100% CPU

  • Creator
    Topic
  • #54352
    Mark Brown
    Participant

      Yesterday, we moved our production server to a virtual Windows 2008 server and upgraded Cloverleaf to 6.02 and it’s been a nightmare ever since.

      When the server was first turned on, the CPU went straight to 100%. We expanded the number of CPUs, shut down the threads and after bringing the site back up, everything was fine for a minute, then it went back to 100%. Then we disabled the virus checker since that’s caused issues before and everything was great for a few hours.  At midnight when it does its cyclesaves, the cpu went back to 100%  I shut down one site and it seemed stable after I brought it back up. This morning, back to 100%.

      I called Infor support and they looked at and felt it was a resource problem since it only had 4GB instead of 8GB. We added more  memory, rebooted and everything looked good for almost a minute.

      Then I considered that it might be the number of processes running. When task manager was showing less than 90 processes, it runs fine. It will run okay for a while if I don’t turn one (doesn’t matter which) process on the engine back on. I disabled a process that wasn’t really important and that worked for about half an hour.

      Nothing I do seems to be a permanent fix.  Everything will be fine until suddenly, the CPU usage just mysteriously ramps up and goes to 100% and never comes down.

      I thought about moving a process or two to a different site. I’m running two sites now. The smaller site never seems to have a problem.

      Any ideas on what to look for? This is a production server. I can’t just keep starting and stopping processes.

    Viewing 8 reply threads
    • Author
      Replies
      • #81127
        Rob Lindsey
        Participant

          Is there a single process that is staying at the top of the process list? We are on AIX so I am not sure how the processes look on the windows system.  What other differences in the system settings between the physical and virtual system?

          As last resort can you go back to the physical system until you can figure out what is going on?

          Rob

        • #81128
          Mark Brown
          Participant

            No, there isn’t any specific process that seems to be the cause.

          • #81129
            Elisha Gould
            Participant

              Make sure you have enough physical resources on the VM server, and that there isn’t something triggering a failover.

              The main causes of your issue would normally be:

              * Processes swapping cpu cores frequently.

              * Low memory and starting to use disk cache (check both VM and VM host)

              * Insufficient disk io.

              You may need to set up the VM so it has dedicated resources on the machine and prevent it swapping to other cores. Its best to ensure that cache is never used. Check the other VM’s on the server and kick off any that would cause an issue to another server.

              We have also had issues when the san was performing poorly. Normally our disk io takes less than 1 ms, but at one point it got up to 10-15 ms, which caused a huge spike.

            • #81130
              Mark Brown
              Participant

                Thanks for the replies.  I’ll pass this on to our server guy. Initially I was only given 4GB of which almost 70% was allocated which I’m sure was causing a lot of disk caching. I now have 8GB and I have removed a couple of processes and right now the engine is quiet. I hope it stays that way.

              • #81131
                Jim Kosloskey
                Participant

                  Mike,

                  Could it be you have over-saturated a site?
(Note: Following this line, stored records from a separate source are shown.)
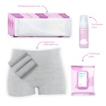 Frida Mom Mamma Kit - Efter förlossningen innehåller produkter som underlättar och ger lindring efter förlossningen. Kitet innehåller bland annat hygieniska engångstrosor, snabbkylande maxibindor för att lindra värk och svullnad efter förlossningen och trollhasselprodukter som ger en svalkande känsla för hela underlivet.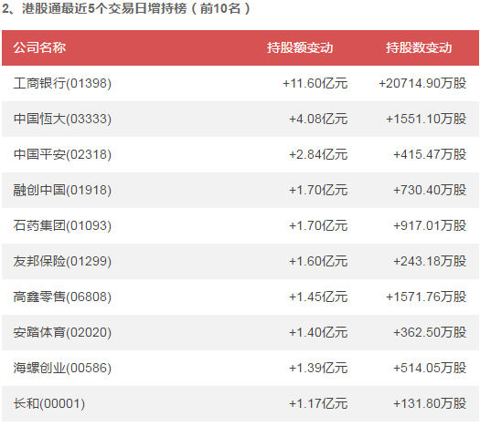 智通財(cái)經(jīng)APP獲悉,截止2018年8月16日,神州控股(00861)、山東新華製藥股份(00719)、金風(fēng)科技(02208)位居港股通持股比例前3位,分別為45.23%、35.20%、34.10%。此外,工商銀行(01398)、中國恆大(03333)、中國平安(02318)在最近5個(gè)交易日內(nèi),持股額增幅最大,分別為+11.60億元、+4.08億元、+2.84億元;騰訊控股(00700)、華潤啤酒(00291)、中國財(cái)險(xiǎn)(02328)在最近5個(gè)交易日內(nèi),持股額減幅最大,分別為-36.10億元、-3.84億元、-3.65億元。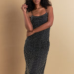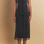 An elegant dress accented with glamorous pearls and beads. Plus, the adjustable straps allow you to get the perfect fit.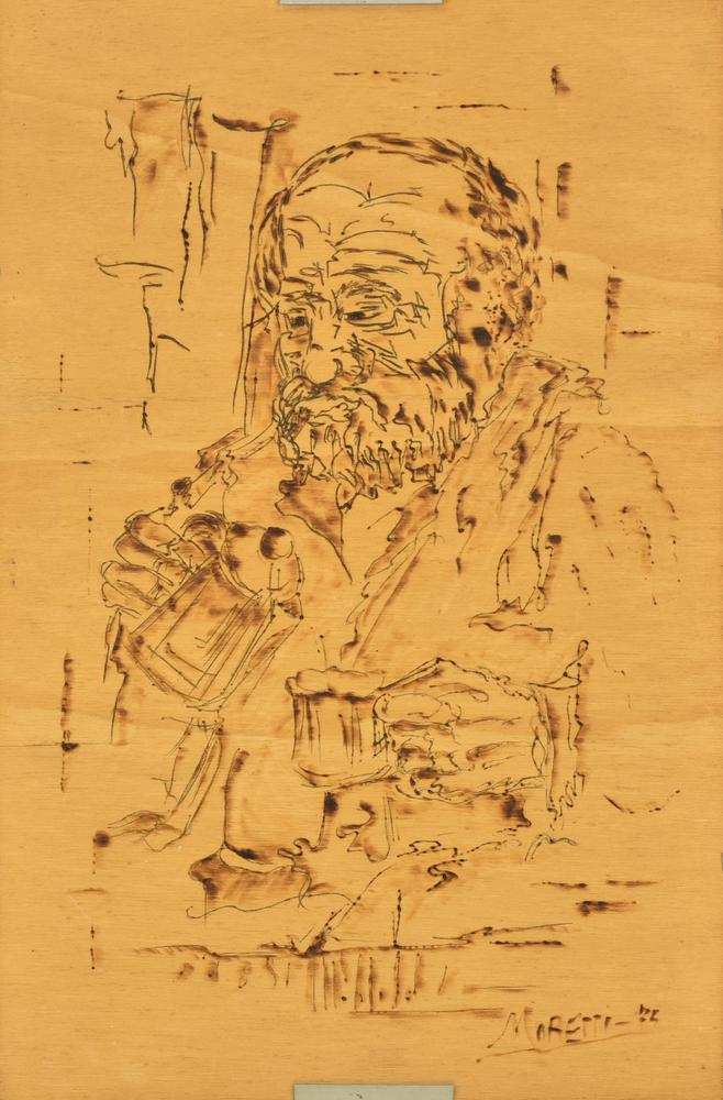 Moretti VECCHIO ALL'OSTERIA pirografia su tavola di legno, cm 40x20 firma e...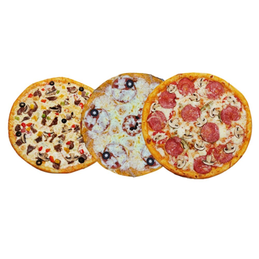 🍕 3 пиццы — 28 см Состав: Тесто Помидор Солёный огурец Сыр Говядина Шампиньоны Болгарский перец Колбаса Оливки

                  You say you have 2 sites.

                  How many process/threads are in that site and what is the peak demand (largest number of messages in any 15 minute window let’s say)?

                  Did you upgrade from 5.x Cloverleaf? If so, I think 6.x consumes more resources to some degree (SMAT certainly can consume more disk unless upgrading from a later 5.x).

                  email: jim.kosloskey@jim-kosloskey.com 30+ years Cloverleaf, 60 years IT – old fart.

                • #81132
                  Mark Brown
                  Participant

                    Between the two sites, there are 202 threads and 35 processes.

                    When it’s running normally, all the processes showing in the task manager are almost always showing 0 cpu usage.  When the server hits 100%, then there are several processes all running 5% or more, but added up, none of them make up 100%.  All the processes using the most cpu are the hciengine.exe processes and it doesn’t seem to be any particular one causing it.

                  • #81133
                    Mark Brown
                    Participant

                      I’m still waiting for the permanent license.  Would a temporary license be limited?

                    • #81134
                      Jim Kosloskey
                      Participant

                        Mike,

                        As far as I know a temporary license is not constrained from a resource standpoint I think it is only a date based constraint,

                        email: jim.kosloskey@jim-kosloskey.com 30+ years Cloverleaf, 60 years IT – old fart.

                      • #81135
                        Mark Brown
                        Participant

                          I hate to say anything in case I jinx it, but we added 4 more cores for a total of 8 and the engine is barely breathing, so I guess that was the problem.

                          Thanks for the replies.

                      Viewing 8 reply threads
                      • The forum ‘Cloverleaf’ is closed to new topics and replies.